Por eso los invito a tomarles el peso a los elementos que constituyen el fondo de la visión simbólica que nos describe el Apocalipsis. Creo bueno subrayar en primer lugar que esta Jerusalén celestial, es una ciudad, es decir, un lugar o espacio común, donde todo lo propio de cada uno se vuelve una posibilidad para todos los demás, donde se agudiza la conciencia de un destino común, donde la «convivencia» se puede vivir libremente y no por una imposición fatal. En seguida se destaca la plenitud humana de la vida que allí se vive, «sin muerte, ni llanto, ni lamento ni dolor». Finalmente, se le otorga el máximo de relieve a la plena comunión entre Dios y los hombres: «Vivirá con ellos, y ellos serán su pueblo, y Dios mismo estará con ellos como su Dios»; y la colaboración humana en este logro aparece señalada cuando se nos dice que esa Jerusalén «estaba arreglada como una novia vestida para su prometido».

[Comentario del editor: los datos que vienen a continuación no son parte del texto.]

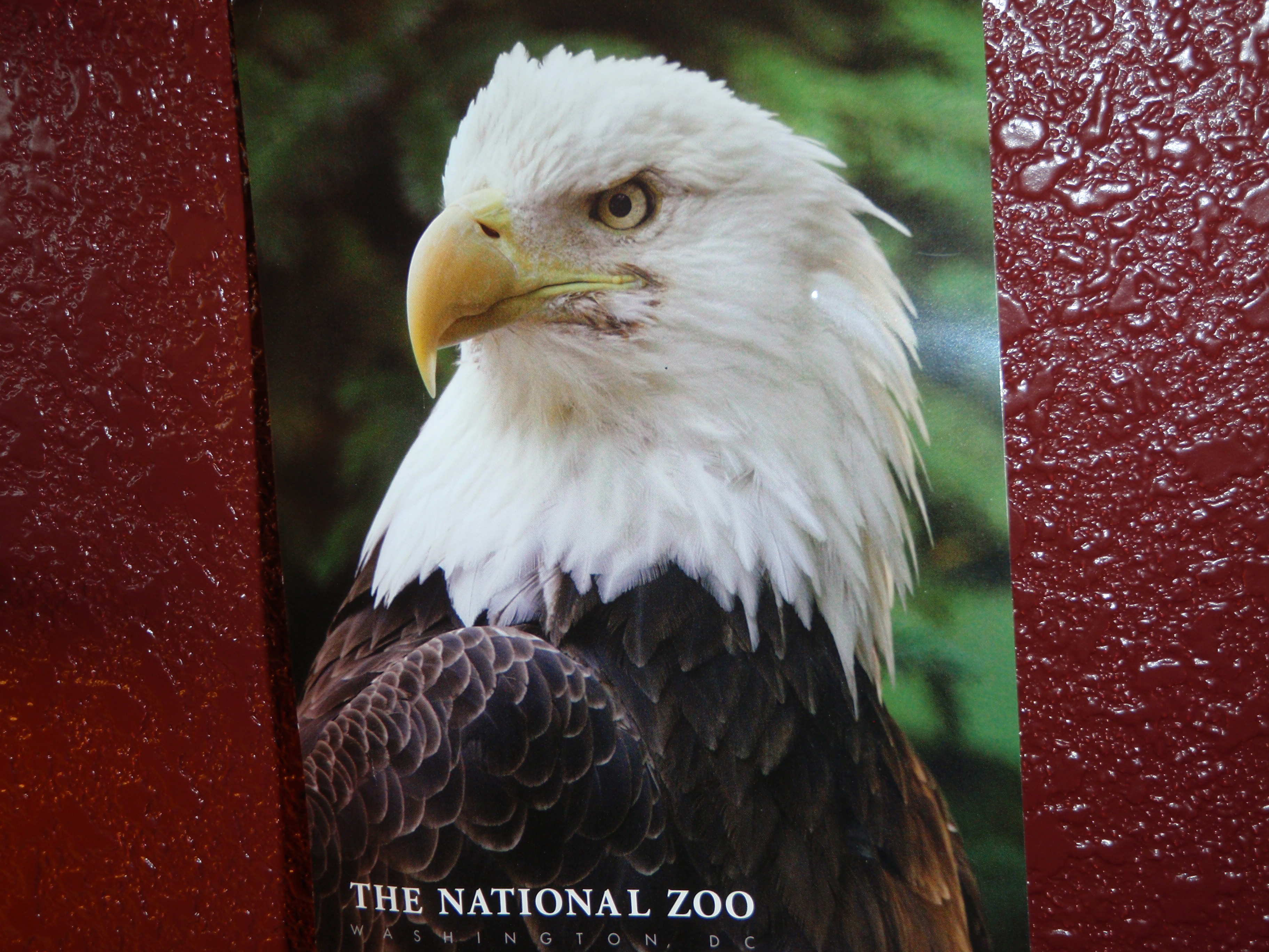 Then I was ready for a bit of a drive cross-town. I had decided to “adopt” a bald eagle at the National Zoo today for my donation. Their website had indicated this was a fund-raising choice, and about a half dozen animals were available for adoption. I figured that adopting a national symbol of our country while visiting the National Zoo in our national capital was an appropriate way to wrap up my week in Washington DC! It was another slow drive there, with some big roundabouts and pedestrians all over the place. I definitely wouldn’t drive on a regular basis in this city if I lived here! Just getting around the Dupont Circle area alone took a long time! And I began to get worried about gas – there are not a lot of gas stations in town. But I found one of them, and then got to the zoo. Since I had already spent time walking, and then visiting the National Gallery of Art, it was mid-afternoon, and some people were leaving the zoo. I was actually able to find parking on the street nearly right next to the zoo entrance. And once again, I locked Tula into the van with the air conditioning so that I could go make my donation. I was directed to the gift shop area, which is where the administrative offices are, and one of the employees brought down the necessary paperwork, and I “adopted” my eagle. I’ll get a photo and updates from time to time. Now I have a bald eagle from the National Zoo and a wild horse from Assateague Island – I wonder if I will add more animals to the menagerie in the second half of my journey?!? Since I had parked so close, I decided to take a power walk through part of the zoo. I saw the zebras and cheetahs, and watched a very active otter doing flips against the glass enclosure. I saw the bald eagle exhibit, which was my goal, and stopped in the panda display and watched a chubby panda chowing down on bamboo – they must have some pretty sharp teeth! I went to the new elephant barn, but they weren’t in it – they were apparently all outside. I don’t generally like to see man-made structures for wild animals, but I have to say this looked like a really nice place for elephants!

Es muy importante subrayar aquí que, según la enseñanza de Jesús, de San Pablo, de San Juan, y de casi todo el Nuevo testamento, ese futuro absoluto del reino de Dios o de la Jerusalén celestial puede y debe tener una «anticipación» limitada y parcial, pero real, en nuestro presente histórico. Es esta perspectiva la que le da sentido al «mandamiento nuevo» de que habla Jesús en el Evangelio. Podríamos decir como un «slogan»: «Un mandamiento nuevo para un mundo nuevo». Nuestra sociedad, nuestra cultura, nuestro mundo sólo pueden «renovarse» de veras si tiene vigencia el amor desinteresado como el de Jesús. Este amor nos hace compartir lo más divino que hay en Dios, que es su capacidad de darse y entregarse para ser «nuestro Dios». Por mucha «modernidad» que se dé, estaremos en un mundo viejo y sin destino, si nos movemos, según la hermosa frase de Octavio Paz, «en las aguas heladas del cálculo egoísta».